Rape-prevention was a tricky subject for the American instructors. "That's something that we didn't know how to do. We don't have those textbooks," one officer told Stars and Stripes. Indeed, the American military itself has long been marred by a rate of sexual assault twice that of the civilian population. As a curriculum for foreign students, rape-prevention was new to the American trainers.

The command, based in Germany, is taking the sexual violence in Congo seriously. Using information gathered on the ground, U.S. Command Africa is developing an anti-sexual violence program to integrate into the training of forces in the Congo.

A third of the battalion also received training in how to be an instructor -- "training the trainer," the U.S. Army calls it. While the model battalion will ideally set an example of how the rest of the FARDC should behave, the instructors are meant to fan out across the Congolese military to deliberately seed other units with their way of thinking. "Hopefully, that's a platform from which additional training of Congolese troops can be done by very well-trained Congolese troops," Garvelink said at the battalion's activation ceremony in February.

As the commandos in Kisangani were wrapping up their courses, a fresh contingent of American troops flew into Kinshasa. The roughly 100 medics and doctors from the North Dakota National Guard spent two weeks working to improve a FARDC medical unit. The "final exam" was a free health clinic, supervised by the Americans, where Congolese medics, doctors, and dentists conducted physicals, pulled rotten teeth, and handed out medicine to some 2,000 Kinshasa residents.

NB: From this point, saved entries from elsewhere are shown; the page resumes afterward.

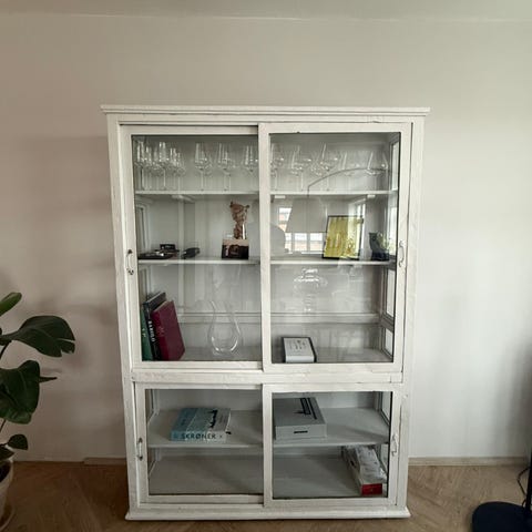 Jeg sælger mit flotte vitrineskab fra The traveling band (hjemmeside https://thetravellingband.dk/products/vitrineskab-tt32-90x46x190-cm). De laver kun én af hver model, så det er et skab, man ikke finder andre steder. Det er i rigtig pæn stand da det kun er blevet brugt til opbevaring af vinglas osv.
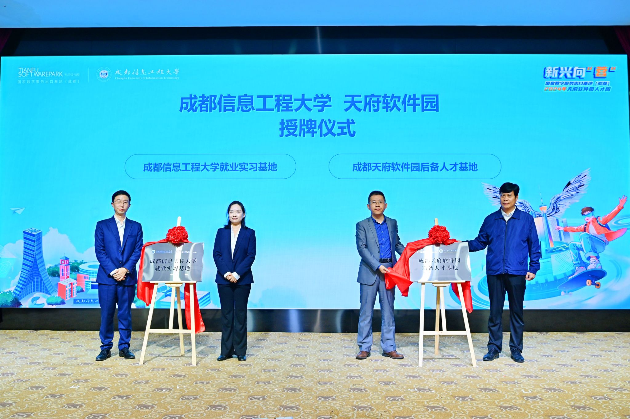 在授牌仪式上,学校招生就业处、科技处负责同志与天府软件园负责人共同为“悟空官方网站就业实习基地”和“成都天府软件园后备人才基地”揭牌。
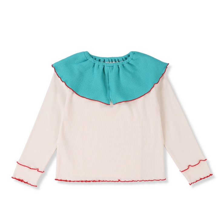 ワッフル素材の大きな衿が特徴的な
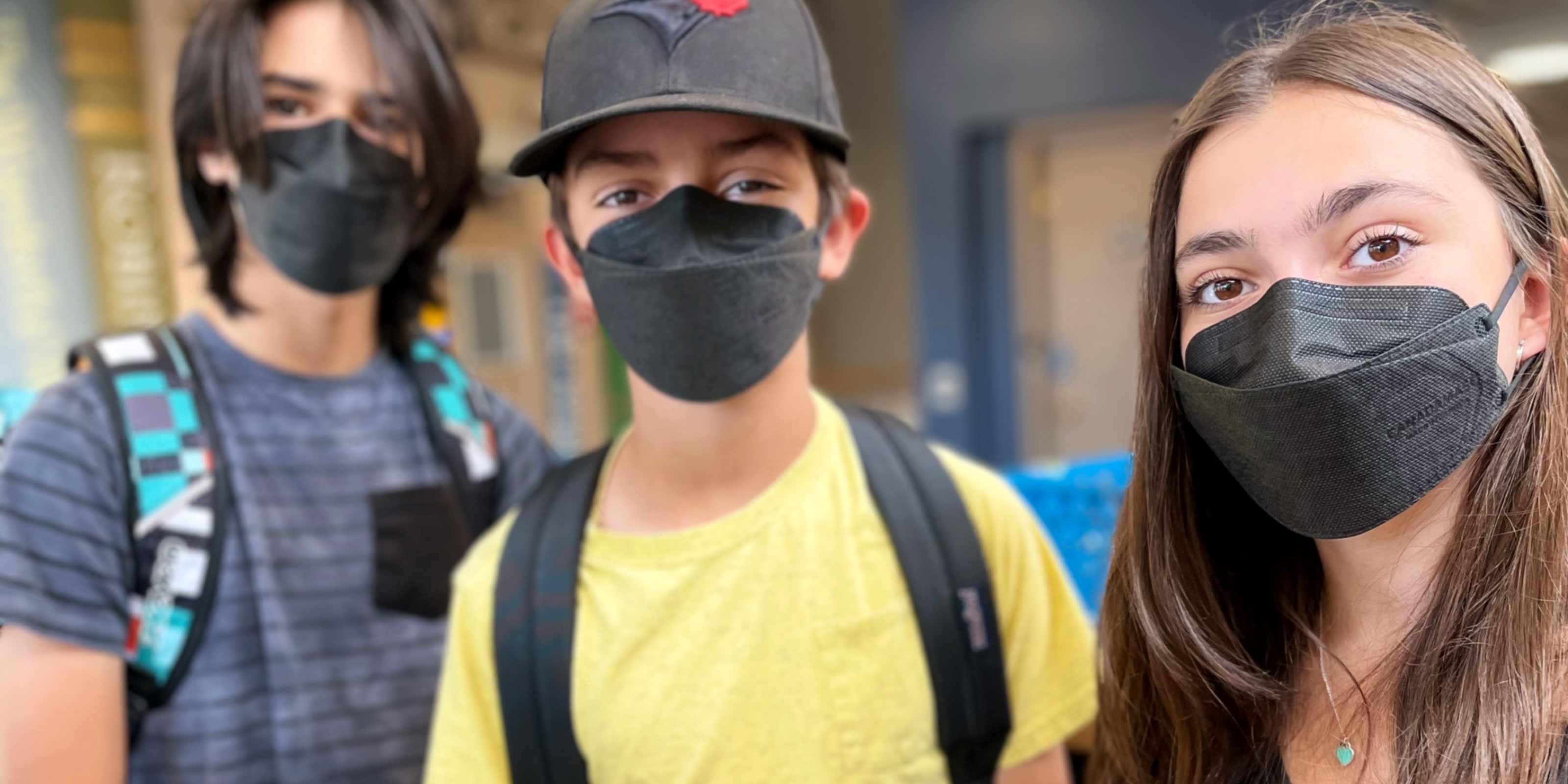 Vitacore CAN99e Children's (kids) earloop respirator at Canada Strong MasksChild wearing black Vitacore CAN99e Canadian kids respirator mask made in Canada
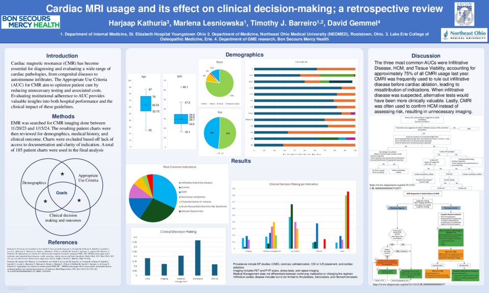 Cardiac magnetic resonance (CMR) has become essential for diagnosing and evaluating a wide range of cardiac pathologies, from congenital diseases to autoimmune infiltrates. The Appropriate Use Criteria (AUC) for CMR aim to optimize patient care by reducing unnecessary testing and associated costs. Evaluating institutional adherence to AUC provides valuable insights into both hospital performance and the clinical impact of these guidelines. A retrospective review of electronic medical records at St. Elizabeth Hospital Youngstown was conducted for patients who underwent CMR imaging between November 20, 2023, and November 15, 2024. The study assessed AUC adherence and the impact of CMR on clinical decision-making, defined as whether the diagnostic information led to a change in medical management, further imaging, or a referral to a specialist. A total of 222 patients were scanned during this period, with 87% of scans meeting class A or B AUC recommendations and 55% experiencing some change in medical management. The most common reason for requesting CMR was to rule out restrictive (infiltrative) cardiomyopathy (23%), with cardiac amyloidosis as the primary differential diagnosis. Tissue viability assessments and hypertrophic cardiomyopathy (HCM) were the second and third most common indications. Notably, none of the patients suspected of cardiac amyloidosis were diagnosed, resulting in no change in medical management. Overall, our findings highlight commendable adherence to AUC for CMR at our institution, with clinical decision-making influenced by approximately half of the imaging results. However, further diagnostic advancements may be needed to improve the identification of conditions such as cardiac amyloidosis.
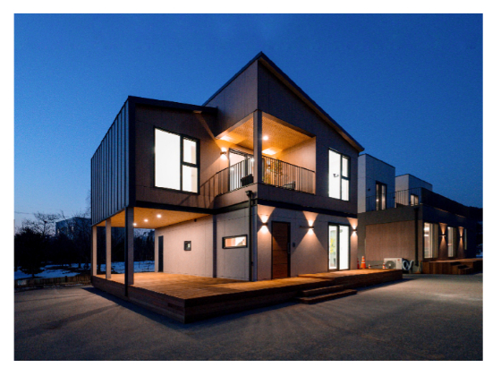 자이가이스트가 충남 당진 공장부지 내에 설치한 목조모듈러주택 Vol.35(35평형) 샘플하우스 전경./ 사진제공=GS건설

Obama's vision of a smarter, gentler military strategy enabled Clinton to act on her personal commitment to addressing Congo's rape problem. Clinton's commitment propelled the U.S. military's expanding involvement in Congolese security reform. It's likely a preview of how American power will look after the shooting wars begun by the Bush administration have finally ended.

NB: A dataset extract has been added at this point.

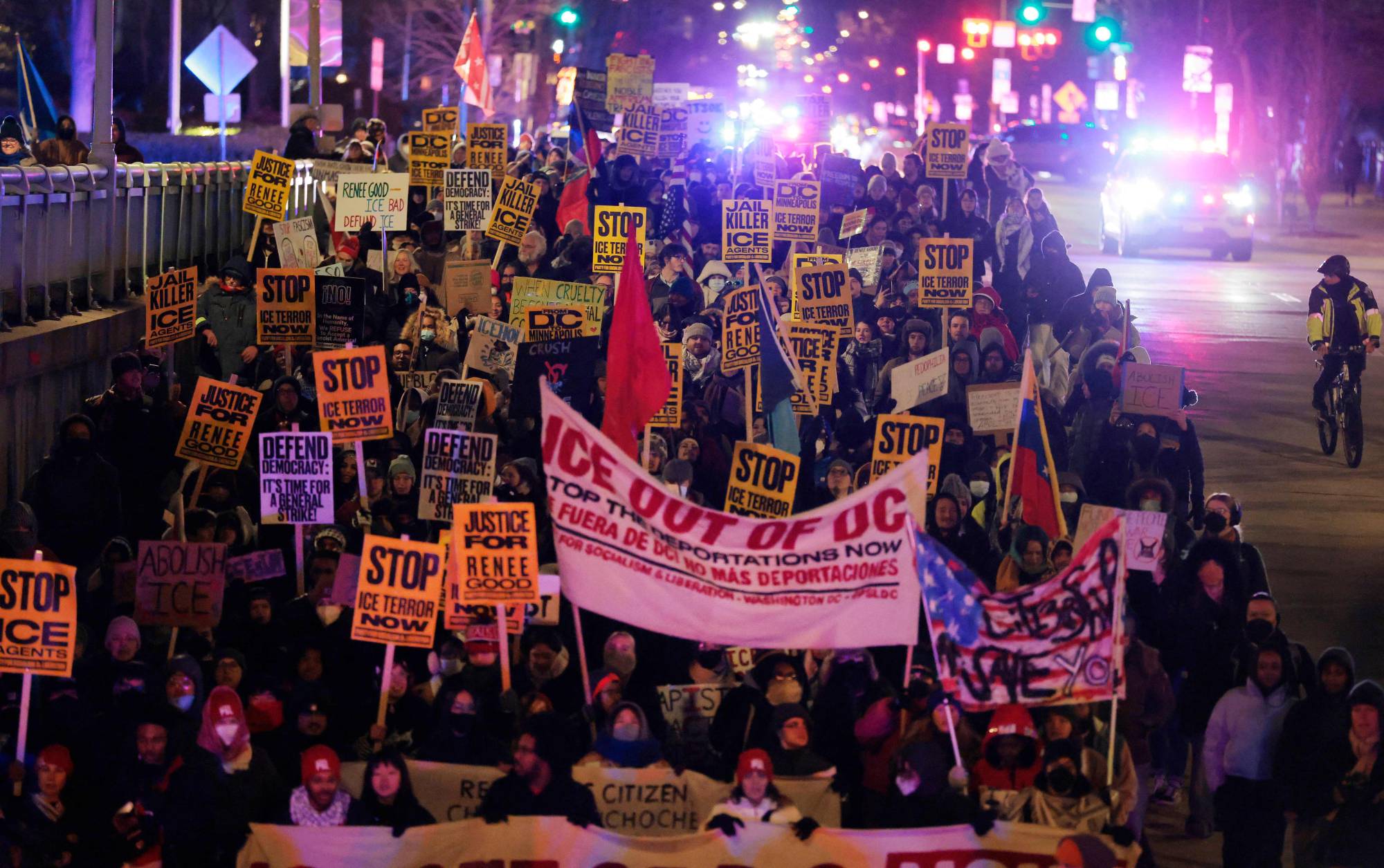 وتجمع مئات المحتجين في واشنطن ومدن أصغر مثل آشفيل بولاية نورث كارولاينا، حيث نظموا مسيرات في وسط المدينة وظهروا ⁠في مقاطع مصورة نُشرت على الإنترنت وهم يهتفون «لا لإدارة الهجرة والجمارك.. لا ‍لجماعة كو كلوكس ‍كلان.. لا للفاشية الأميركية».

Yet for all its growing importance, no one knows exactly how to measure success over the few short years that smart power has been a Pentagon priority. Some European armies have overseen their own, comparatively modest smart-power initiatives, but there are few precedents for the more ambitious American model.

No one expects the Congolese Army to transform overnight. Marcel Stossel at Oxfam estimates meaningful reform in Congo might take at least a decade, but Washington is likely to expect proof of progress before then. There's certainly a chance that the U.S. could end up mired in another seemingly endless conflict like Iraq or Afghanistan. All the same, the administration clearly believes the benefits of intervening in Congo justify the dangers. To mitigate the risk of another military quagmire, Obama is keeping the Congo intervention small and as indirect as possible.

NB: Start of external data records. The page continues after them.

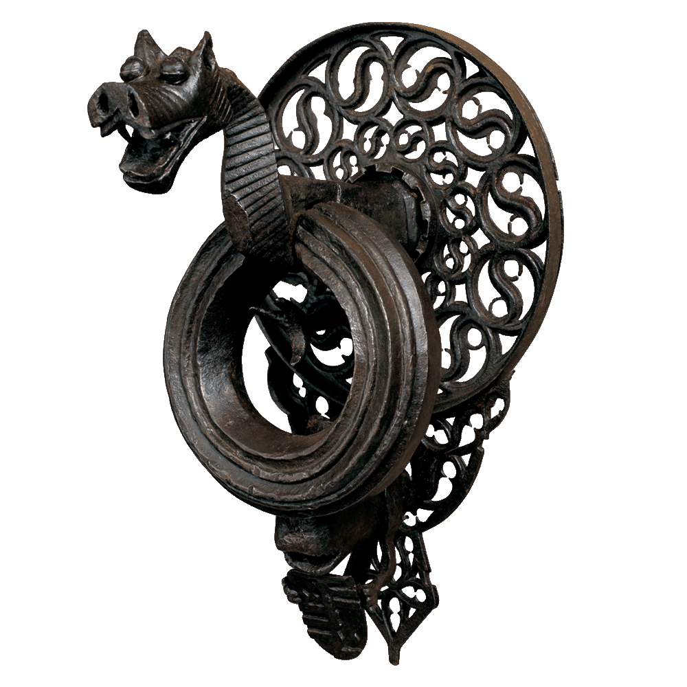 El drac, símbol per antonomàsia del mal, apareix sovint com a representació del dimoni i personificació del mal. En aquest cas, un drac ferotge, amb esmolades dents i urpes, protegia i donava entrada a la Casa de l’Ardiaca de Barcelona a finals del segle XV. Es tracta d’un picaporta d’anella amb placa calada que avui es conserva al Museu del Cau Ferrat de Sitges, que aplega una de les col·leccions més singulars i riques centrades en l’art del ferro. La forja ha estat una de les manifestacions més remarcables dins de les arts de l’objecte a casa nostra: a tall d’exemple, la reixa de la catedral de Notre-Dame de París la realitzaren dos mestres forjadors catalans, Blay i Sunyol, cap al 1250.
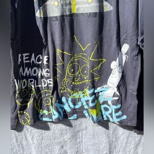 Official Rick & Morty long sleeve T-Shirt with space saucer on it and “peace among worlds” Size L
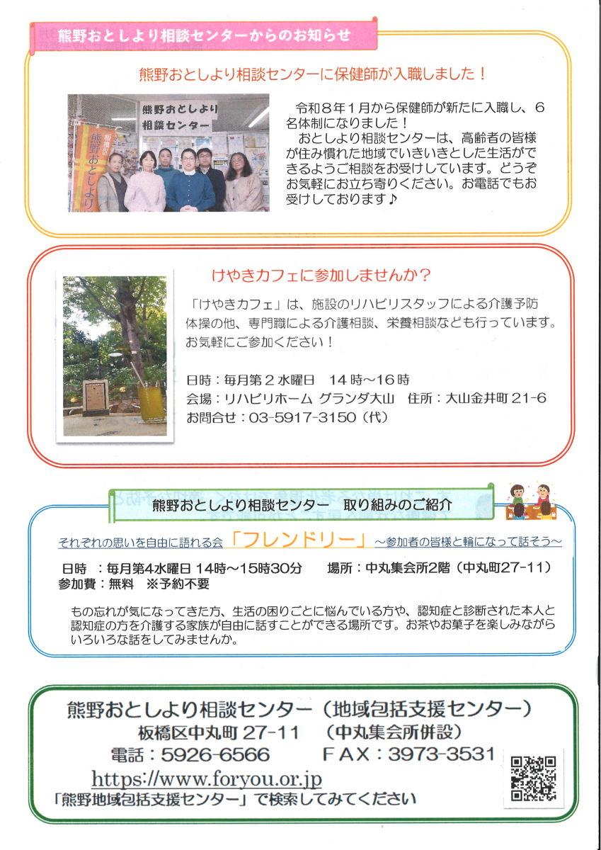 裏面では、熊野おとしより相談センターメンバーの紹介もさせていただきました。
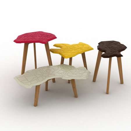 Stockholm 2011: Finnishフィンランド人デザイナーの Sami Kallio が Stockholm Furniture Fair(ストックホルム家具見本市)にて「Greenhouse」の一部として棒付きアイスの棒のような形をした脚のついたこれらのスツールを含む家具のコレクションを発表した。
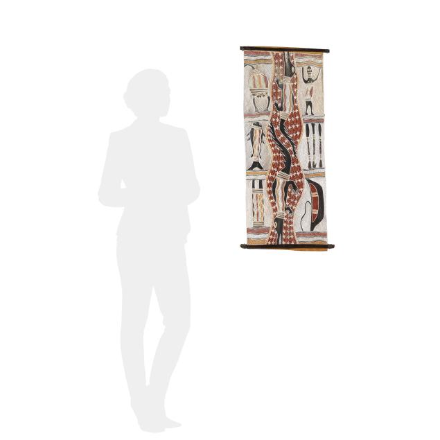 Aboriginal Australian bark paintings are a long-standing artistic and cultural practice, particularly associated with communities of northern Australia such as Arnhem Land. Painted on sheets of eucalyptus bark using natural mineral ochres, these works are grounded in ancestral law, country, and kinship systems rather than personal expression alone. The imagery, which ranges from figurative depictions of ancestral beings and animals to highly structured geometric patterns, communicates stories of creation, land ownership, and ceremonial knowledge. Bark paintings function as visual archives of Indigenous knowledge, carrying cultural authority and serving as a means of teaching, maintaining, and asserting connections to land across generations.
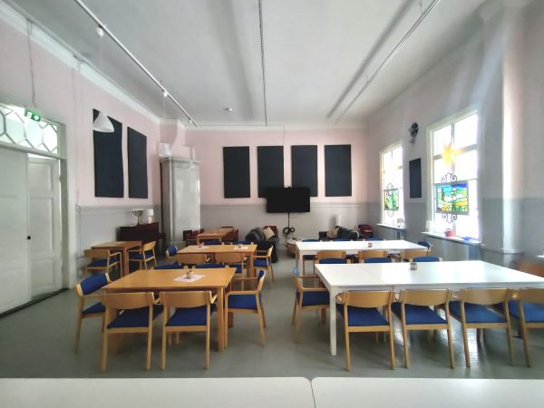 Vi erbjuder två trevliga café- och samlingssalar med tillhörande fullt utrustat kök. Här finns plats för gemenskap, fika, servering, mottagningar eller mindre fester. Lokalerna kan hyras tillsammans med auditoriumet eller separat.
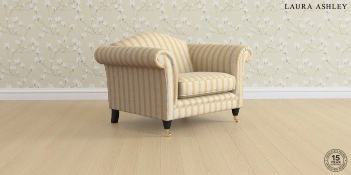 7.3.1 Buy Gloucester by Laura Ashley Snuggle Kinsham Stripe Ochre Yellow Low Brass Castor - Black from the Seasons online shop Click here to use our website with more accessibility support, for example screen readers
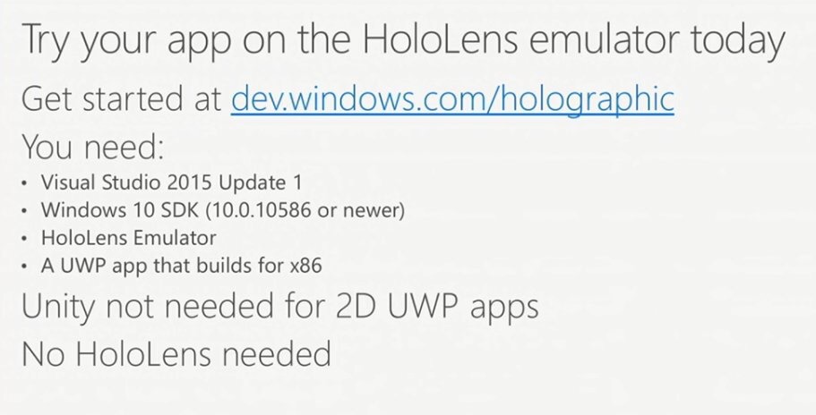 No HoloLens needed. Use the HoloLens emulator to test your app. You need Visual Studio, Windows 10 SDK and HoloLens emulator. Unity not needed for 2D UWP apps. The emulator lets you interact with a virtual machine running the same OS but no head and hand tracking, no gestures. Uses mouse and keyboard input to simulate this input. No support for printing and sharing.

In 2009, Navy Capt. Cynthia Thebaud, leading a training mission in West Africa, agreed that clear evidence of smart power's success can be elusive. She proposed surveying the population after an American deployment and asking if they'd like the Americans to return someday. "If people say, 'Thanks for stopping by, appreciate your interest, but we don't want to see you again,' clearly, we're not succeeding."

By that modest standard, America's initial efforts in Congo are succeeding. "I'm glad you've come," says Martin Moungi, standing by the registration table for the Kinshasa clinic. Col. Gilbert Kabanda, the Congolese army's top medical officer, watched the American and Congolese soldiers working together at the clinic, then spoke with American reporters. "This is not a onetime thing," he said.